= Éric Elléna =

French filmmaker

Eric Elléna is a French filmmaker.

==Career==
As a director his films include The Last Trackers of the Outback, which won the Public's Choice Award at the 2008 FIFO Pacific International Documentary Film Festival in Tahiti and The Long March of Bob Slaughter.

In 2000, his script Drugstore was one of 24 scripts selected from a regional French competition of 3,600 entries to be produced as a short film. His script was directed by Marion Vernoux and actress Valeria Bruni-Tedeschi played the lead role. The 24 films were then shown at the Cannes Film Festival as part of an anti-drug awareness raising campaign Drug Scenes (Original French title:Scénarios sur la Drogue).

He was a producer on The Universe of Keith Haring, a documentary by the filmmaker Christina Clausen. In the film, the legacy of Keith Haring is resurrected through colorful archival footage and remembered by friends and admirers such as artists Kenny Scharf and Yoko Ono, gallery owners Jeffrey Deitch and Tony Shafrazi, and the choreographer Bill T. Jones.

For The Jill & Tony Curtis Story, he served as an executive producer and as a co-producer on Tony Curtis: Driven to Stardom.

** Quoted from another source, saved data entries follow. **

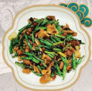
肉崧四季豆炒鵝腸 $36.95 Sautéed Goose Intestine with Pork & String Bean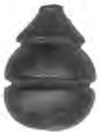
SA-041 H90 * W70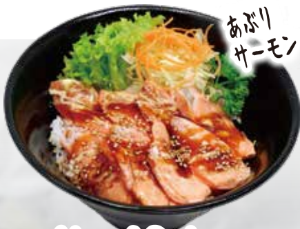
Aburi Salmon 17.6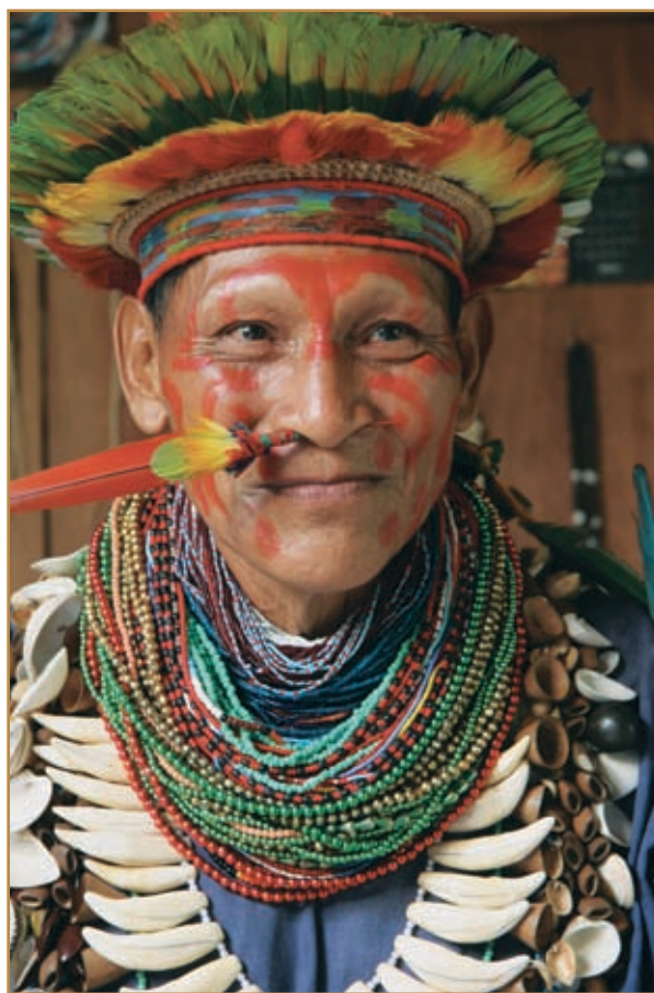
A shaman or religious priest from a tribe in the Amazon forest

SHAMAN An intermediary between humans and spirits who performed duties that included curing, healing, interpreting messages from the gods, guiding souls after death, and performing sorcery. Shamans were, and still are, both revered and feared because of their power. Some are thought to transform themselves into spirits, particularly animal spirits. In some societies shamans are also judges and interpreters of moral codes. They obtain their insights from dreams, trances, and vision quests, and they often use hallucinogens. Many wear JAGUAR skins, headdresses, or necklaces of jaguar teeth, and some are thought to change into jaguars after death.

He is co-director of the documentary I Remember Better When I Paint. The film, inspired by the story of Hilda Goldblatt Gorenstein (Hilgos), focuses on how the creative arts can help Alzheimer's patients re-engage in life. A French version of the film "Je me souviens mieux quand je peins" was released as part of the French Alzheimer Association's activities on World Alzheimer's Day in September 2009. Extracts from "Je me souviens mieux quand je peins" were featured on France 2 television
 and screened for the International Health Film Festival in Belgium.

He is a producer on Five Roads to Freedom: From Apartheid to the World Cup a documentary released in 2010 that looks at the revolutionary transformation in South Africa through the eyes of five men and women who lived under the shadow of apartheid.